# Recommendations for basic mastering plugins?



## alligatorlizard (May 30, 2010)

Hi, I'm just looking to buy some simple mastering plugins - eg multiband EQ and maximiser. Something fairly basic that will be good for enhancing more bombastic orchestral stuff, but also for more pop/rock productions - nice presets are always good so I can do all the production within Cubase, then just stick the finished audio file through the mastering plugins for a bit of extra oomph without having to think too much about it.

I've used thing like waves ultramaximiser in the past, but this always felt a bit heavy handed - to be honest have never delved much into the techniques of mastering, so not sure what's on the market at the moment.

Any suggestions?


----------



## Ranietz (May 30, 2010)

Ozone 4 by iZotope.

http://www.izotope.com/products/audio/ozone/


----------



## JohnG (May 30, 2010)

I never personally use any of this stuff, but...

http://www.uaudio.com/webzine/2010/may/ ... rview.html


----------



## José Herring (May 30, 2010)

I've gone back and forth over the need for mastering orchestral tracks. I use to use Ozone quite a bit and still do from time to time, but I've found out lately that if it isn't sounding finished at the mix stage then mastering does little to nothing. So now I concentrate on making each part do what it's suppose to do.

One thing you can do is once your mix is going along is to slap a compressor and some EQ on the master channel. UAD stuff is really, really good. The LA-2A is a great final limiter.

Also, believe it or not the saturation plug in Kontakt is really good as well as long as you don't over do it.

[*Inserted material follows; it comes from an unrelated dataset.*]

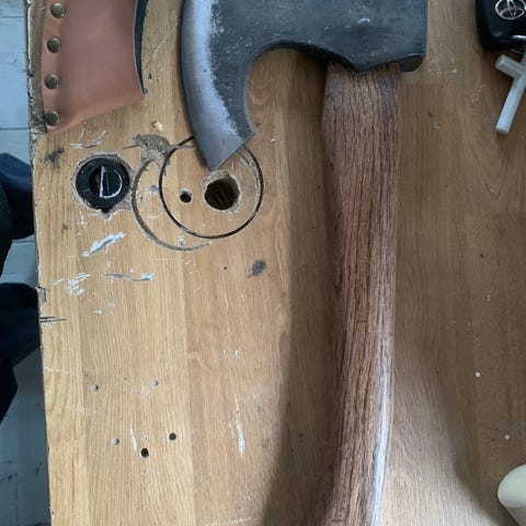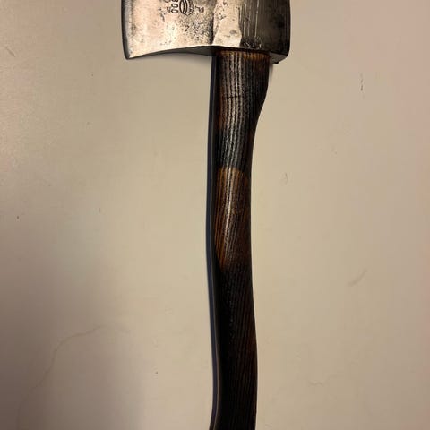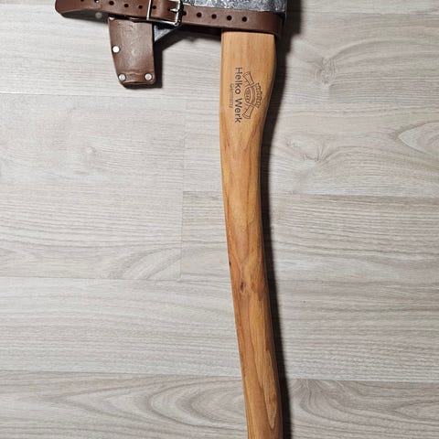 Øyo økse som fremstår som næsten helt ny. Øksen har stået som pynt i stuen og har kun været forsøgt brugt et par enkelte gange.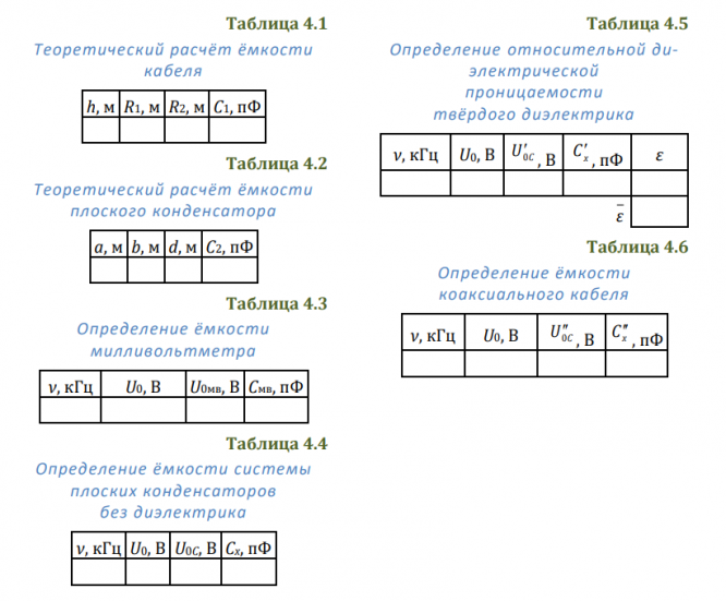 Цель работы: экспериментальное определение и теоретический расчёт электрической ёмкости плоского конденсатора и коаксиального кабеля; расчёт диэлектрической проницаемости твёрдого диэлектрика, помещённого между обкладками плоского конденсатора.

I remember reading an article by Alan Meyerson where he was saying that it's better to do a lot of little things that one or two big sweeping things in a mix. I started following that advice and a lot has improved. Putting a little saturation on the kontakt outputs is helpful on samples. Also, slightly reducing the low mids helps prevent that sample build up. Light compression on the brass adds a little pump. All slight amounts. Every thing is a small drop in a big bucket, but it starts to add up and makes all the difference.

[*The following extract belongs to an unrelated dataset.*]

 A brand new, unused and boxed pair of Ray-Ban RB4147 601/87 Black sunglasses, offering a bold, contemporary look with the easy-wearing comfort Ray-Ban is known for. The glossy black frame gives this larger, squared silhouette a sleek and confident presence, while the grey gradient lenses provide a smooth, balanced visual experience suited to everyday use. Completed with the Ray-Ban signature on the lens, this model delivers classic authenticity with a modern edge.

My favorite plugs are UA, Sonalksis, Ozone and Voxengo has some good stuff.


----------



## RMWSound (May 30, 2010)

EQ: DMG Equality. It has pretty much every feature I could want in an EQ. The "auto-listen" helps really pinpoint frequencies you're trying to adjust (by soloing the band you're adjusting). It also has multiple processor modes, so you can use it on every track, or go full linear-phase for mastering. Plus, it's very clean, and there's plenty of boost/cut available.

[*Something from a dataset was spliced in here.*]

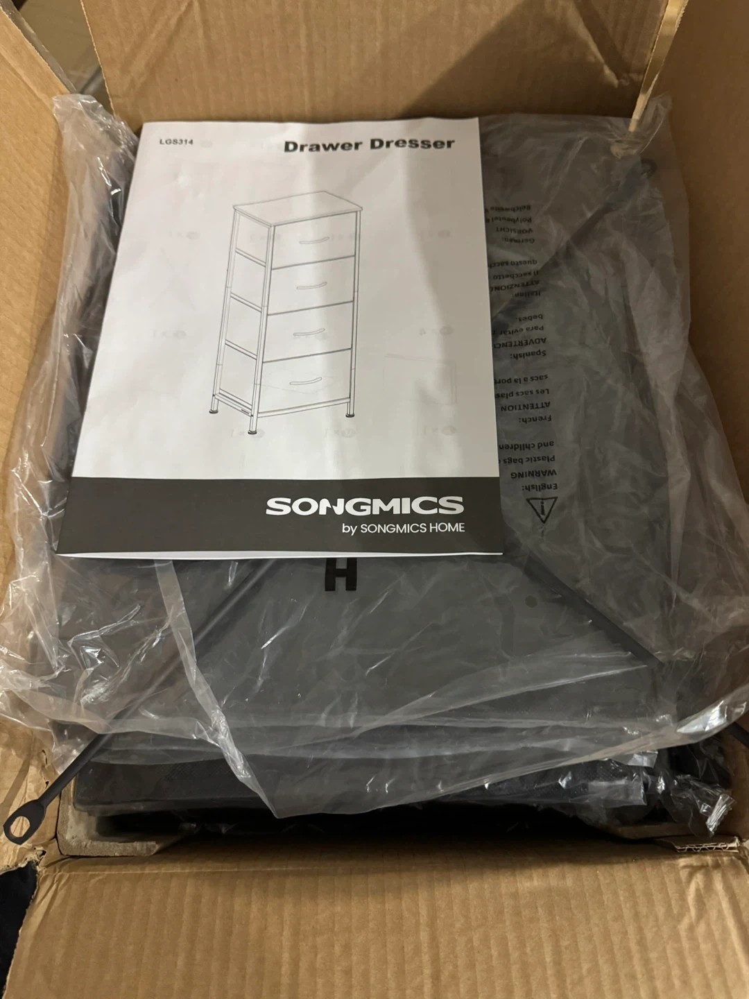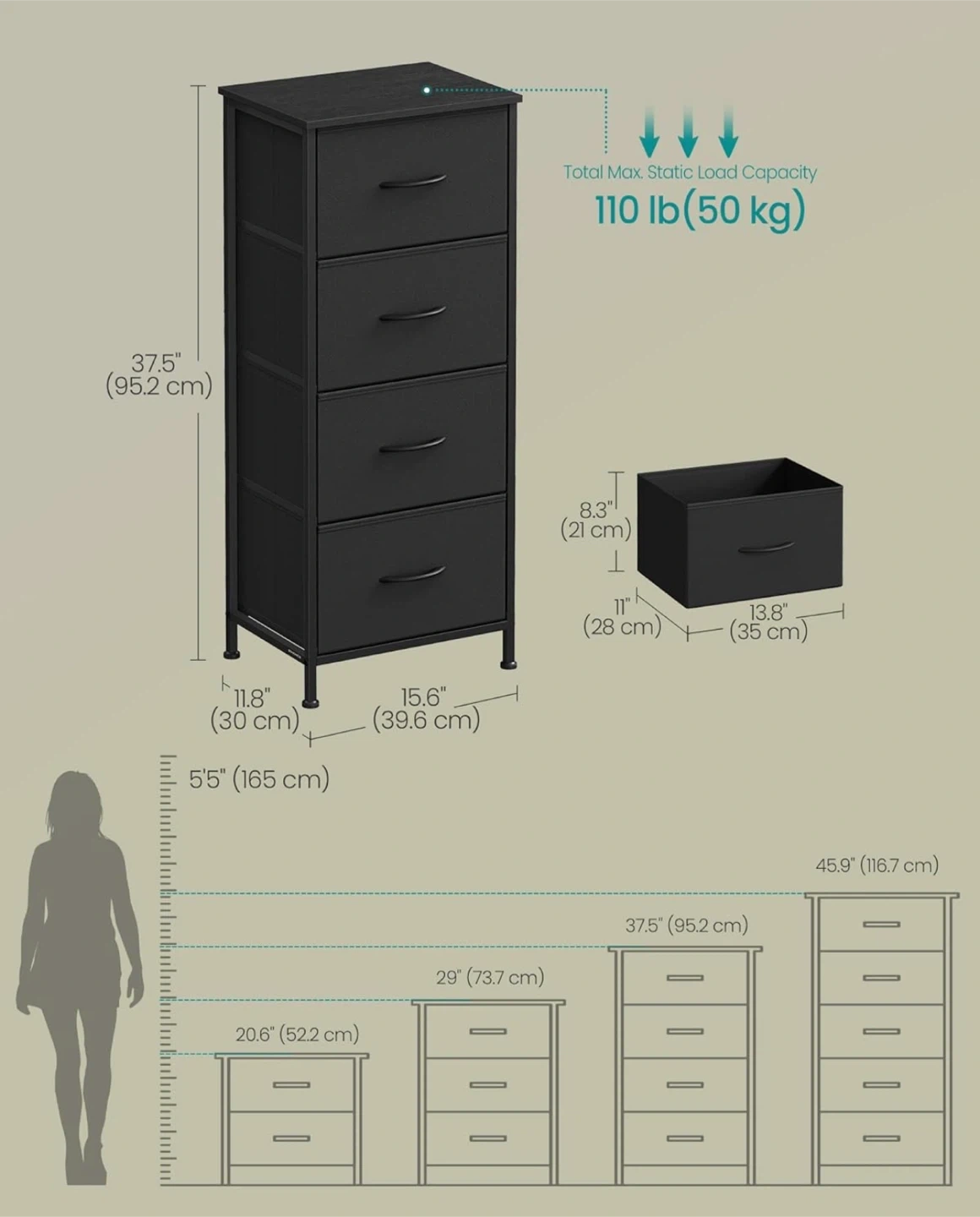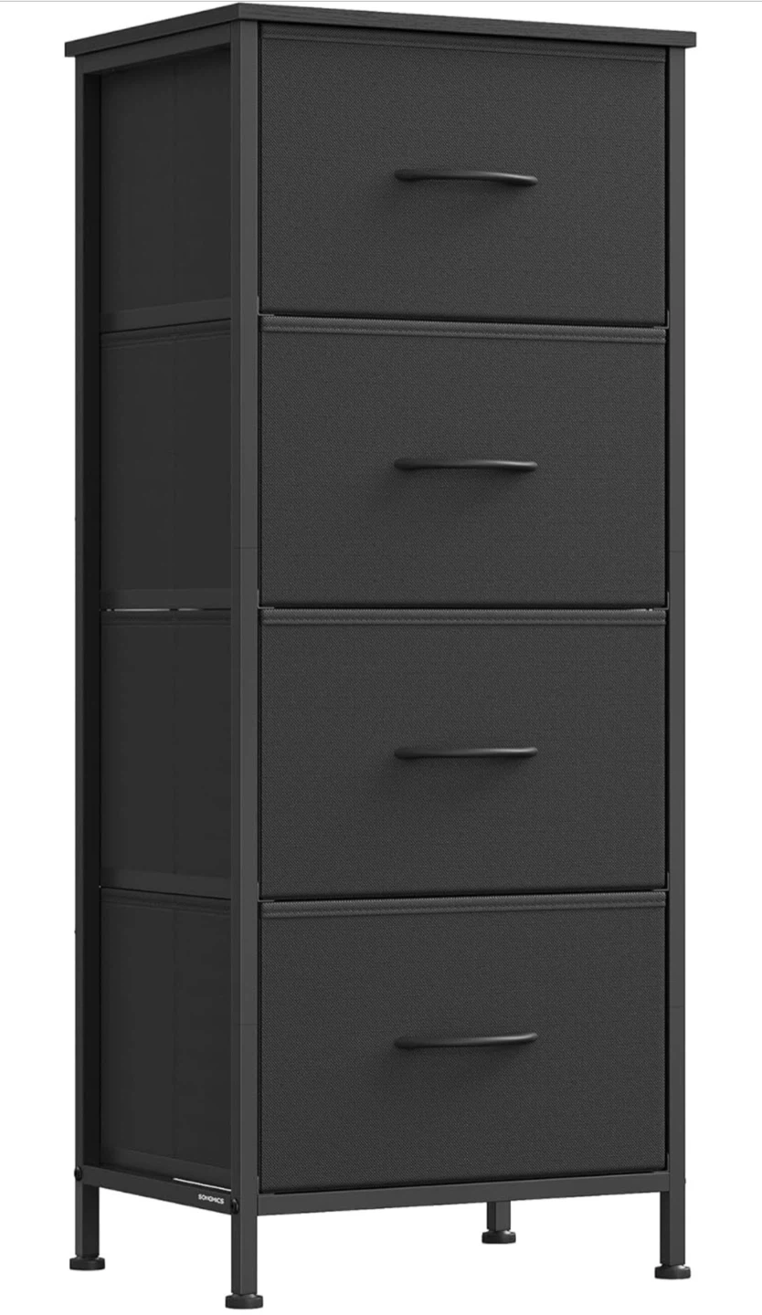 Brand new SONGMICS Dresser for Bedroom, Chest of Drawers, Steel, MDF, 4 Non-Woven Fabric Drawers, Storage Organizer Unit, Closet, Entryway, Ink Black and Ebony Black ULGS314BH03

Loudness: I also use the iZotope Ozone's loudness maximizer when I'm mastering for general listening (I'll usually stay away from this when I'm delivering for a job). 

Compression: I like the Waves C4 multi-band compresser to tame some of those low-mids that build up without sounding squashing the whole mix.

-RMW


----------



## C M Dess (May 30, 2010)

This looks good for what you've mentioned. I have some sonnox which is pretty good, this seems to be a culmination of their mastering concepts. Also, sonnox will be included in Nuendo 5 (as demos?)...Probably a good reason for that.
http://www.proaudiodsp.com/products/dsm/


----------



## Dietz (May 31, 2010)

josejherring @ Sun May 30 said:


> [...] I remember reading an article by Alan Meyerson where he was saying that it's better to do a lot of little things that one or two big sweeping things in a mix. I started following that advice and a lot has improved. Putting a little saturation on the kontakt outputs is helpful on samples. Also, slightly reducing the low mids helps prevent that sample build up. Light compression on the brass adds a little pump. All slight amounts. Every thing is a small drop in a big bucket, but it starts to add up and makes all the difference. [...]


This is so true! Yet it's hardly the advice people like to read on these pages, as it means that the "everything-perfect-out-of-the-box"-myth is just that: A myth.


----------



## Lex (May 31, 2010)

Ozone 4 & Voxengo stuff...

aLex


----------



## Ned Bouhalassa (May 31, 2010)

Sonnox rocks my world for mastering. As do plugs by Softube and IK Multimedia's Pultec EQ emulation.


----------



## Stephen Baysted (May 31, 2010)

Vienna Suite, Sonnox or UAD. Can't go wrong.


----------



## Frederick Russ (May 31, 2010)

UAD or FLUX - incredible tools for all kinds of music.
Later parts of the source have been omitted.